• WHAT THE TASK ASKS: Could you restate, exactly and with nothing added, the lines from the start of the data through the line that holds "Yxy 22.757,0.51,0.279 Color", leaving the pictures out?

• SUPPLIED INFORMATION:
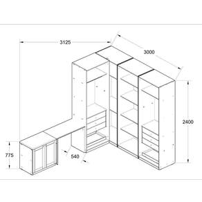 Dimensões: Mesa Escrivaninha: 77,5 x 100 x 50 cm Sapateira: 77,5 x 79,22 x 50,20 cm Closet módulo canto: 240 x 135 x 85 cm Closet módulo maior: 240 x 159 x 56 cm
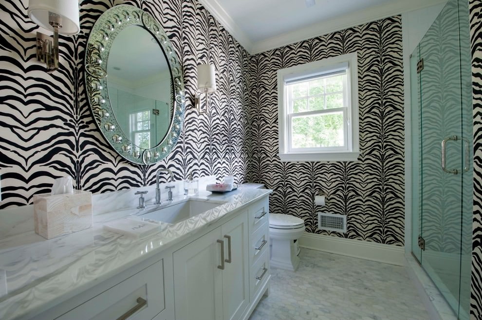 On the picture black and white design, dominated by white. Tile protects the bathroom and shower area, and realistic-sized wallpaper is applied around the perimeter.
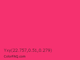 Yxy 22.757,0.51,0.279 Color is a normal rose color and the nearest color is Radical Red #ff355e. Hex code #f5316f and RGB value is rgb(245,49,111). In RGB color space, this color is composed of 96% red, 19% green, 44% blue, In CMYK color space, this color is composed of 0% cyan, 80% magenta, 55% yellow , 4% black , In HSL color space, this color has a hue angle of 341° , 91% saturation and 58% lightness.
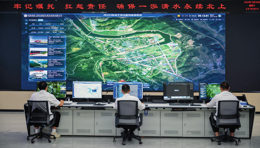 丹江口市水库水质安全保障指挥中心工作人员在工作(2024 年 10 月 30 日摄) 伍志尊摄 / 本刊

• REPLY:
 Dimensões: Mesa Escrivaninha: 77,5 x 100 x 50 cm Sapateira: 77,5 x 79,22 x 50,20 cm Closet módulo canto: 240 x 135 x 85 cm Closet módulo maior: 240 x 159 x 56 cm
 On the picture black and white design, dominated by white. Tile protects the bathroom and shower area, and realistic-sized wallpaper is applied around the perimeter.
 Yxy 22.757,0.51,0.279 Color is a normal rose color and the nearest color is Radical Red #ff355e. Hex code #f5316f and RGB value is rgb(245,49,111). In RGB color space, this color is composed of 96% red, 19% green, 44% blue, In CMYK color space, this color is composed of 0% cyan, 80% magenta, 55% yellow , 4% black , In HSL color space, this color has a hue angle of 341° , 91% saturation and 58% lightness.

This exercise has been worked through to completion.